Chaque année, quelque vingt mille bateaux arrivent en fin de vie en France, dont seulement six cents sont pris en charge. Les autres enlaidissent les vasières de leurs cadavres verdâtres. C’est pour contribuer à leur valorisation que Didier Toqué et Romain Grenon ont créé Bathô, « entreprise solidaire d’utilité sociale » qui se propose de restaurer les épaves, non pour naviguer, mais pour être réemployées en habitations légères de loisir, réunies en villages au bord de l’eau. Le volet social du projet consiste à y associer des personnes sans emploi ni qualification, qui pourraient ainsi bénéficier d’un parcours d’insertion vers les métiers de l’industrie nautique, de la valorisation des déchets ou du tourisme.
Un premier village témoin doit voir le jour dès ce printemps à Rezé (Loire-Atlantique), sur un terrain communal en bordure de la Sèvre Nantaise prêté par la municipalité.
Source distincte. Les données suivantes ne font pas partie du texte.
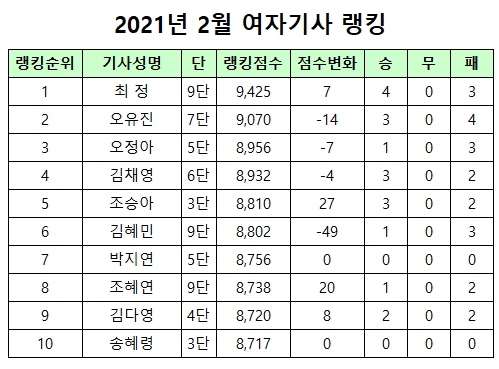 여자기사 중에서는 최정 9단이 지난달과 마찬가지로 27위를 차지했고, 오유진 7단이 여섯 계단 하락한 99위에 랭크됐다.

Il comprendra cinq bateaux posés sur des bers en bois et reliés par des pontons, les sanitaires étant aménagés dans deux anciennes timoneries de bateaux de pêche. Ce gîte d’étape, avec cinq logements de deux à quatre couchettes, pourra offrir ainsi chaque mois cent cinquante nuitées pour quatre cents randonneurs. Bathô prévoit de prélever sur le prix de chaque nuitée une somme destinée à financer, en cinq ans, la valorisation des bateaux réhabilités.
Si le modèle économique du port-village de Rezé est validé, Bathô envisage de réhabiliter quatre-vingts bateaux par an, ce qui donnerait un travail à huit personnes, dont cinq en réinsertion, sans compter les emplois liés à l’hébergement touristique. Restauré au Centre nautique Sèvre et Loire de Trentemoult, le premier bateau réhabilité est un Sangria âgé de quarante-huit ans : seront retenues en priorité les épaves des icônes des années soixante-dix, dont la plupart sont nées dans les Pays de la Loire.